Beijing: China has sanctioned seven Taiwanese officials for supporting Taiwan’s independence, its state media reported on Tuesday.

Hsiao Bi-khim, the de facto Taiwanese ambassador to the US.

The sanctions come after US House Speaker Nancy Pelosi visited the island earlier this month and other American legislators arrived this week, moves that China said had sent a wrong signal to pro-independence forces on the island.

Democratically self-ruled Taiwan rejects China’s claim of sovereignty.

Chinese state news agency Xinhua said among those sanctioned by China’s Taiwan Affairs Office were Hsiao Bi-khim, the de facto Taiwan ambassador to Washington, and Wellington Koo, secretary-general of Taiwan’s National Security Council.

Politicians from the ruling political party, Democratic Progressive Party, were also sanctioned.

A Taiwan Affairs Office spokesperson said that those sanctioned would not be able to visit China, Hong Kong or Macau.
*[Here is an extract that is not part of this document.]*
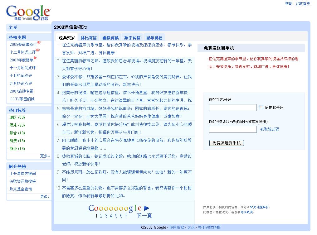 选条最适合的短信祝福你的朋友吧-- Google(谷歌)推出新年短信整合搜索

Firms and investors related to them would not be allowed to profit in China.

Chinese fighter pilots conduct combat training exercises around Taiwan.Credit:AP

“For some time, a few diehard separatist elements, out of their own interests, have gone to lengths to collude with external forces in provocations advocating Taiwan independence,” state news agency Xinhua cited the spokesperson as saying.

“They have deliberately instigated confrontations across the Taiwan Strait, and recklessly undermined peace and stability in the region.”

Taiwan’s Foreign Ministry said in response that the island was a democracy that “could not be interfered with by China”.

“Even more, we cannot accept threats and menace from authoritarian and totalitarian systems,” ministry spokesperson Joanne Ou told reporters in Taipei.

The sanctions will have little practical impact as senior Taiwanese officials do not visit China.

The seven are in addition to Taiwan Premier Su Tseng-chang, Foreign Minister Joseph Wu and parliament Speaker You Si-kun who were previously sanctioned.

Chinese information warfare

Meanwhile, Taiwan accused China of exaggeration after the Chinese military published footage of the strategically located Penghu islands, where there is a major Taiwanese air base, saying it was not true Chinese forces had come near them.

China carried out military exercises around Taiwan this month after Pelosi’s visit.

The Chinese military unit responsible for the area adjacent to Taiwan, the People’s Liberation Army’s Eastern Theatre Command, on Monday released video of the Penghu islands, apparently taken by a Chinese air force aircraft.

Taiwan Air Force Vice Chief of Staff for Operations Tung Pei-lun told reporters that this was Chinese information warfare, though he said he had no comment on who had taken the video.

“China used the exaggerated tricks of cognitive warfare to show how close it was to Penghu – which is not true,” Tung said.

Taiwan’s Defence Ministry, in an update of Chinese air force activity, showed on a map that the closest Chinese aircraft to Penghu that day were four J-16 fighters.

The fighters crossed the Taiwan Strait median line – normally an unofficial barrier between the two sides – but stayed closer to the Chinese coast than Penghu, the map showed.

Tung said that Taiwan had a real-time grasp of what was going on in the skies, and that Chinese aircraft have been operating to the north and south-west of Taiwan and across the median line.